The 3D database-searching step using the selected D2R-agonist pharmacophore model selected 1,441 compounds from FCDB and PhyDB. In contrast, the two selected D2R-antagonist pharmacophore models gave a combined hit list with 1,866 compounds. Note that we treated tautomeric compounds and different ionisation states as different database entries in this step, which led to a lower number of chemically different hit compounds.

Hit-list clustering and compound prioritisation

The next goal of our study was to select structurally diverse compounds for experimental testing. Therefore, we performed a clustering analysis of the hit lists in Discovery Studio 3.1 (Accelrys Inc., San Diego, CA) to divide them into groups that contain structurally different classes (Fig. 1). Moreover, the possible corresponding tautomers and ionisation states for a given hit compound could be pooled as they were assigned to the same compound cluster. After variation of the number of generated clusters, we found that values of 80 clusters for the D2R-agonist hits and 100 clusters for the D2R-antagonist hits represent good values for characterising the hit-list compounds.

Selecting compounds from different clusters ensured that we chose structurally diverse molecules for the following molecular-docking step. The choice was further based on the fit value to the pharmacophore models and on visual inspection. For both D2R-agonist and -antagonist screening, we derived a cut-off limit for the fit value from the pharmacophore validation step, in which databases consisting of known actives and putative inactives were mapped to the models. From the actives mapped to the D2R-agonist model, all but one gave a fit value higher than 2.2. Hence, we used this value as a cut-off limit in compound prioritisation. By contrast, most of the actives mapped to the D2R-antagonist models showed fit values of 1.9 and 2.3 for model A and model B, respectively. We retained pharmacophore searching hits with larger fit values than these cut-off limits for at least one of the models.

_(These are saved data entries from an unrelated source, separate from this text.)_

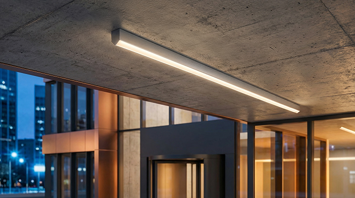 The profile design allows the supply cable to be concealed inside the housing during installation, maintaining a clean and precise architectural appearance.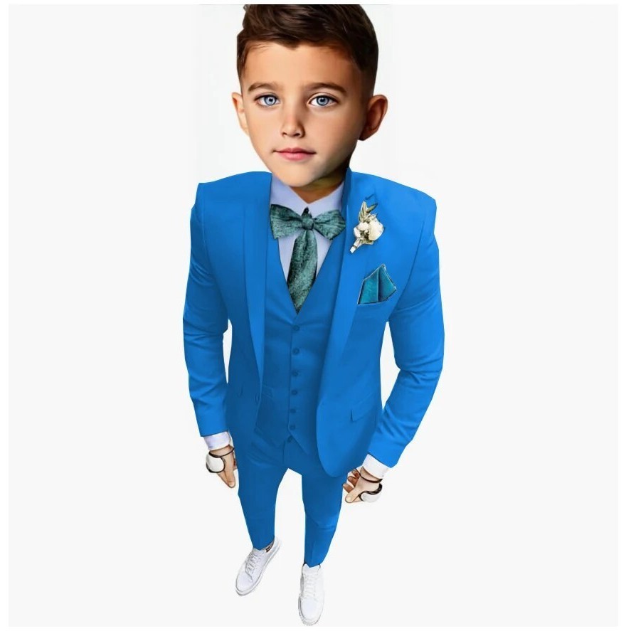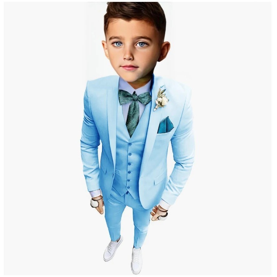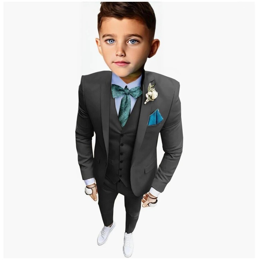 Casual Beige Suit for Boys Wedng Notached Lapel Fashion Style Jacket Vest Pants 3 Pieces Party Child Clothes Slim Fit Kids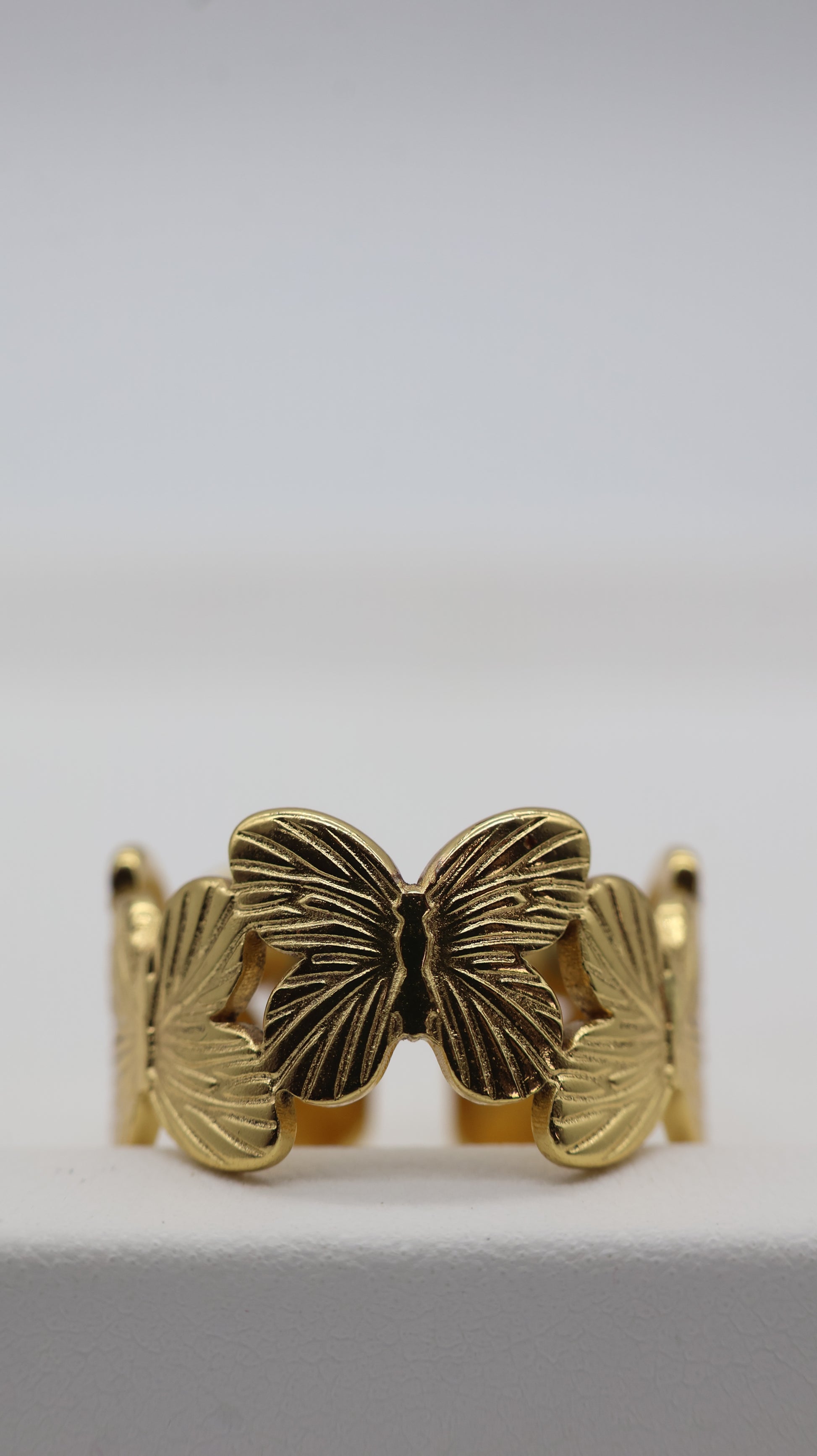 This Golden Butterfly Statement Ring features intricately engraved wings with delicate texture detailing that catches the light beautifully. Designed in a rich gold finish, the layered butterfly silhouette wraps gracefully around your finger, creating a bold yet feminine statement.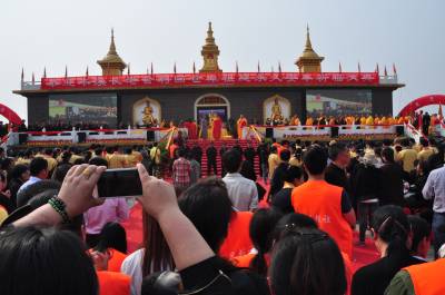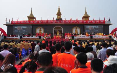 清明节当天,武汉新洲区仓埠街报祖寺迎回禅宗泰斗——本焕长老舍利。来自东南亚、国内多个省份和港澳地区的近2万群众,赶到报祖寺的菩提广场,争睹在此举行的迎请本焕长老舍利回仓埠祖庭供奉祈福大典。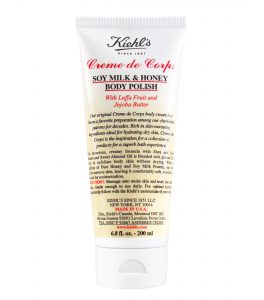 Creme de Corps SOY MILK & HONEY BODY POLISH – קרם גרגרים לגוף – חלב סויה ודבש. עם חמאת חוחובה ופרי הלופה. קרם גרגרים המכיל חמאת חוחובה ושיאה, שמן שקדים בשילוב פרי הלופה ומסייע בפילינג של עור הגוף מבלי לייבשו. עם תוספת של חלבוני חלב סויה ודבש טהורים, קרם הגרגרים שלנו מטפח את העור ומשאיר אותו רך, חלק ומוכן להמשך טיפוח בעזרת קרם לחות.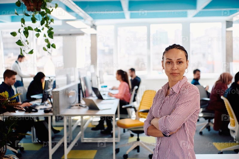 Портрет молодой улыбающейся деловой женщины в креативном коворкинг-стартапе на открытом пространстве. Успешная деловая женщина, стоящая в офисе с копировальным пространством. Коллеги работают в фоновом режиме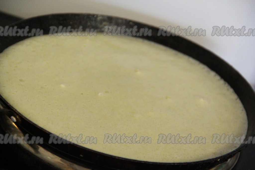 Сковороду хорошо накалить на сильном огне. Смазать сковороду растительным маслом, только перед первым блином, далее смазывать необязательно, так как эти блины хорошо переворачиваются. Сделать нагрев средним. Вылить небольшое количество теста на сковороду и хорошо его распределить по всей сковороде.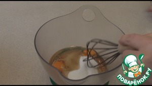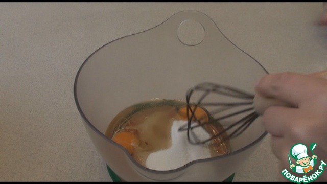 Берем 2 яйца, добавляем 100 грамм сахара и 100 мл подсолнечного масла. Размешаем все венчиком.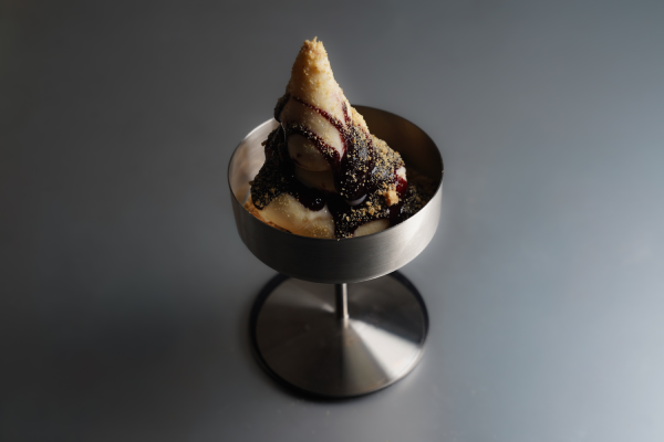 Cheesecake-flavored ice cream with blueberries and garnish.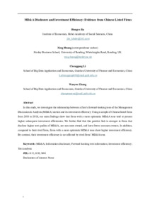 MD&A disclosure and investment efficiency: evidence from Chinese listed firms.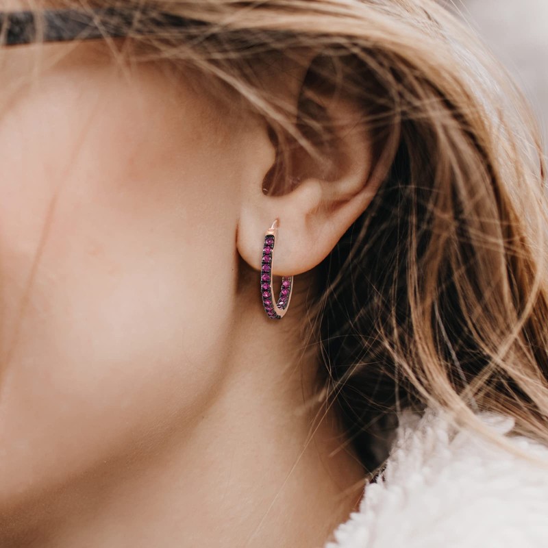 Santuzza 925 Sterling Silver Huggie Hoop Earrings 0.86 CT Created Ruby Cuff Pierced Earring (Rose Gold Plated)

Hit-list clustering and compound prioritisation reduced the number of VS hits to 125 and 69 different compounds for the D2R-agonist and -antagonist screening, respectively. Thus, we selected less compounds from the D2R-antagonist screening for the molecular docking step, although the pharmacophore hit list and the number of clusters was larger than for the agonists. However, many compounds in the antagonist hit-list did not pass the fit-value cut-off. Additionally, visual inspection of the hit-list molecules revealed that large and bulky compounds tended to have very high fit values. These molecules were rejected because they are unlikely to fit into the binding pocket.

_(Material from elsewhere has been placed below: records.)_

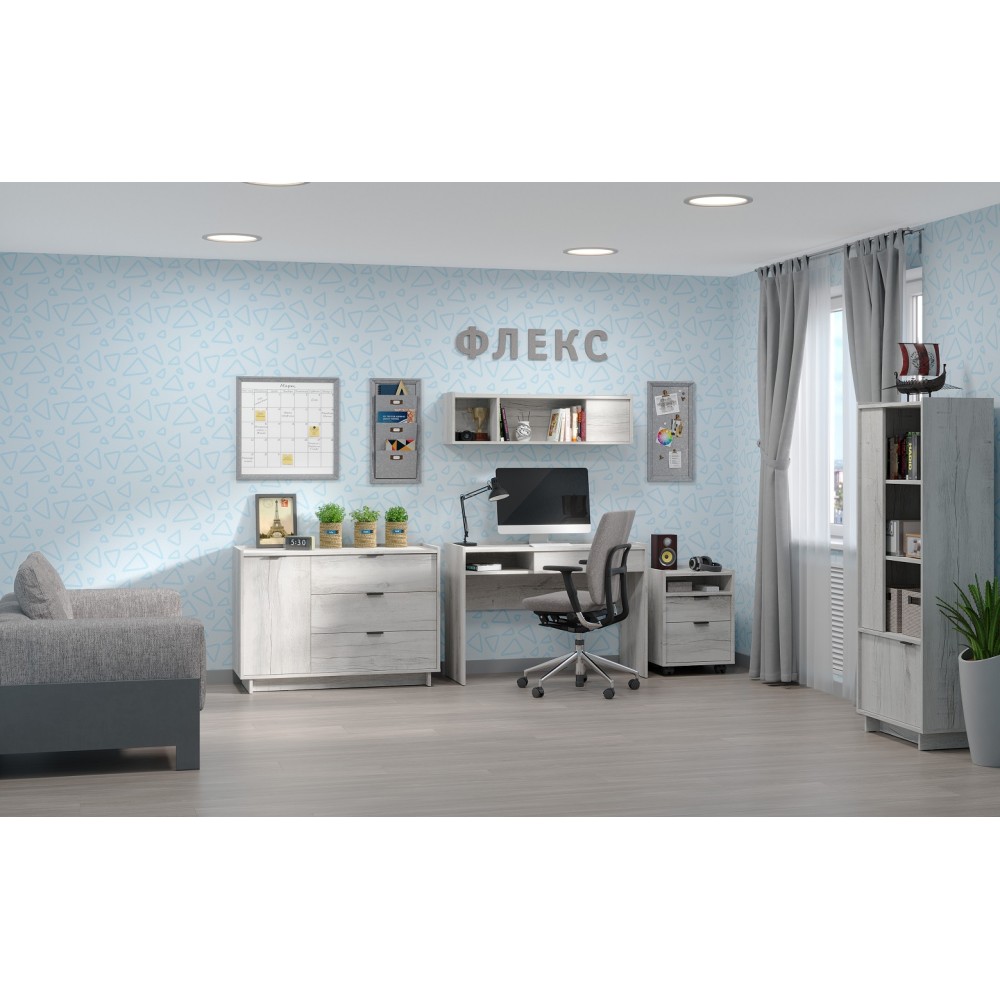 Напольные модули с притопленным цоколем обеспечивают удобство установки и позволяют избежать проблем с плинтусами. Благодаря этому гостиная ФЛЕКС станет идеальным местом для отдыха и релаксации, создавая гармоничную обстановку и поднимая настроение.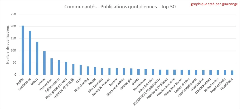 Ces graphiques montrent les communautés les plus actives en termes de publications depuis la leur création et pour le jour passé.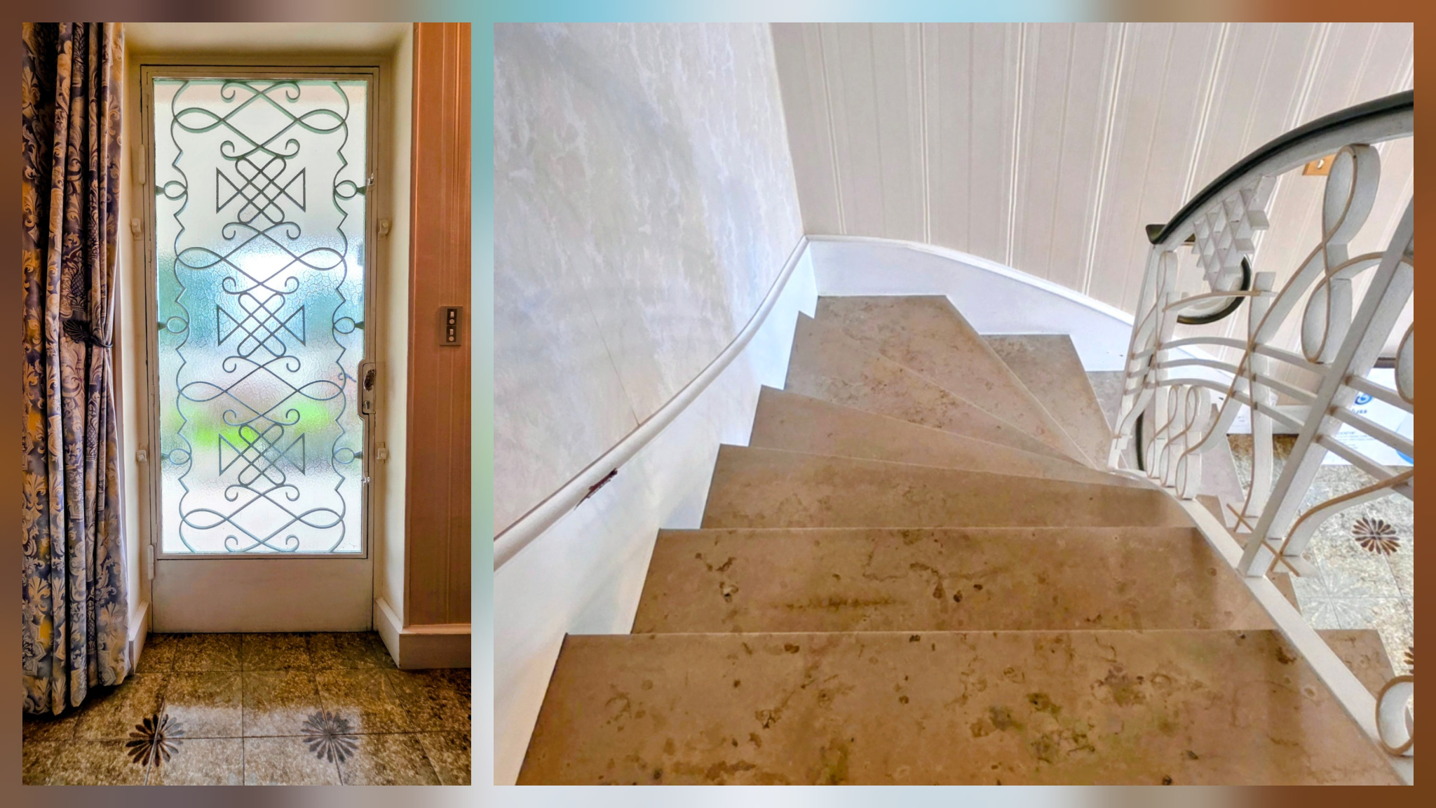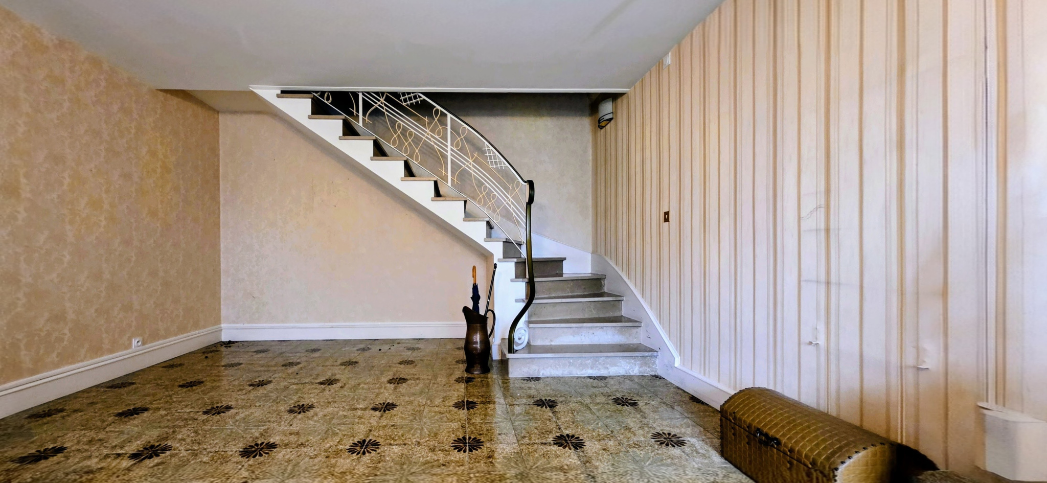 Dès l’entrée, le ton est donné : un carrelage grand format en grès, des tons beiges mouchetés de gris, un escalier en marbre à nez arrondi et une rampe au graphisme Art déco revisité. Chaque détail reflète une signature, un style affirmé, presque celui d’une maison d’artiste.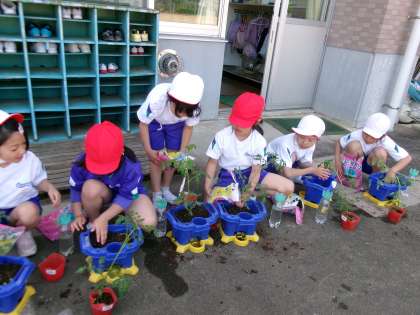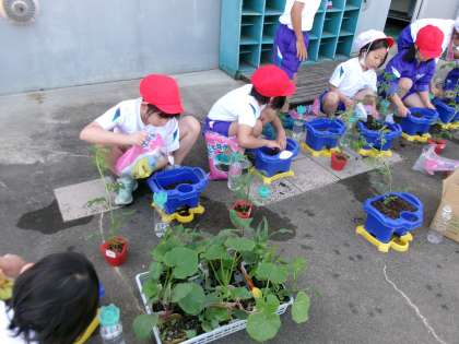 ミニトマトを鉢に植えました。ミニトマトに優しく声をかけながら植えている子供たちもいました。元気に育って、おいしいトマトになってほしいです。

Molecular docking and final compound selection

The combination of pharmacophore searching with molecular docking enabled an initial check of our database molecules for the required molecular features and their relative orientations. Then we examined more thoroughly, whether the candidates could fit well into the binding pocket and establish important protein-ligand interactions. A D2R inactive-state homology model used successfully in a previous docking study29 served as docking target. The compounds that passed the clustering and prioritisation step were docked together with their corresponding tautomers and ionisation states using AutoDockVina30 with high exhaustiveness and maximum conformer values for detailed examination. For each compound, we carefully inspected both the value of the scoring function and the resulting receptor-ligand complexes. An interaction between a positively charged moiety and the carboxylate group of Asp1143.32 was mandatory for a compound to be regarded as hit in the docking step.

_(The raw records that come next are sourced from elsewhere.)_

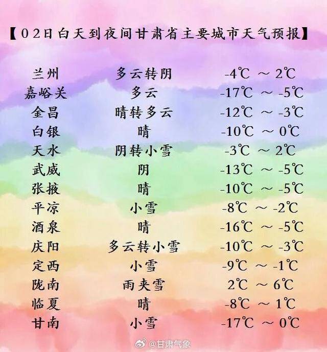 今天夜间到明天白天(1月2日20时-1月3日20时),甘南、定西、陇南、天水、平凉、庆阳等州市阴有小雪或雨夹雪;兰州、白银、临夏三市州多云,局部地方阴有小雪或阵雪;省内其余地方晴或多云。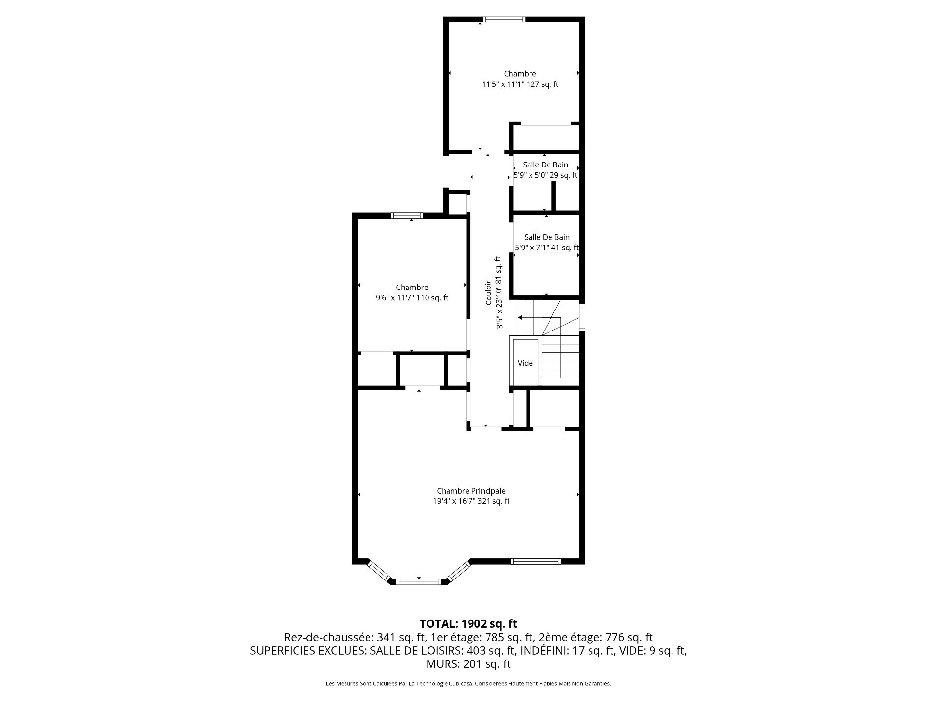 | Chambre à coucher principale | 2ième étage | 19.4x16.7 P | Tapis | |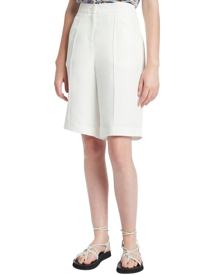 Showing off a flattering knee length within a boxy fit, these crisp white shorts will be your go-to all through summer. The shorts are made from a linen twill blend fabric for a comfortable, tailored fit, and are completed by a classic button and fly front closure, slanted welt front pockets, faux welt back pockets, and a pin-tuck detail front seam.Β
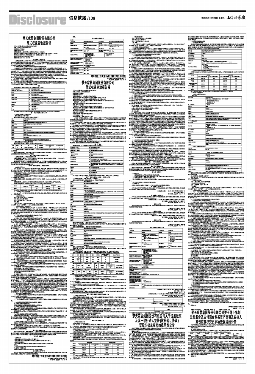 2025年11月17日,梦天控股、梦家投资、余静渊、范小珍与嘉兴汇芯、曹勇签订《股份转让协议》,梦天控股、梦家投资拟通过协议转让方式分别向嘉兴汇芯转让其持有的上市公司股份11,134,500股(占上市公司总股本的5.00%)、4,150,000股(占上市公司总股本的1.8636%)。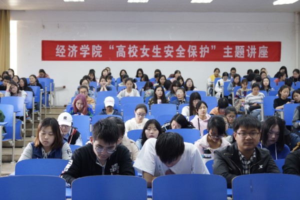 4月15日,经济学院女生部和纪保部于麦庐大活101举行“女生安全”知识讲座,特邀保卫科科长徐亮为学院大一女生演讲,以提高女生自我保护意识。

Eventually, we obtained 53 hit compounds and searched for corresponding possible activity data concerning dopamine receptors in the literature. We excluded hits with known bioactivity at D2R and checked the commercial availability of the remaining compounds. Finally, 17 compounds of different origin (Fig. 4a,b, Table 1) were purchased and prepared for experimental testing.

Figure 4
figure 4

Structures of the experimentally tested D2R-agonist (a) and -antagonist (b) VS hits. The 17 compounds can be classified into natural food constituents (delphinidin, hordenine, kukoamine A, pyrraline, salsolinol, roquefortine C), further compounds from natural sources (fumigaclavine A, leonurine, muscimol, ajmalicine, dihydroberberine, emetine), and food contaminants (clenbuterol, fenpropimorph, halofuginone, robenidine, sarafloxacin).

Table 1 Compound sources, pharmacophore searching fit values and radioligand binding data for the tested VS hits compared to the reference compound dopamine, employing D2L receptors expressed in CHO cells.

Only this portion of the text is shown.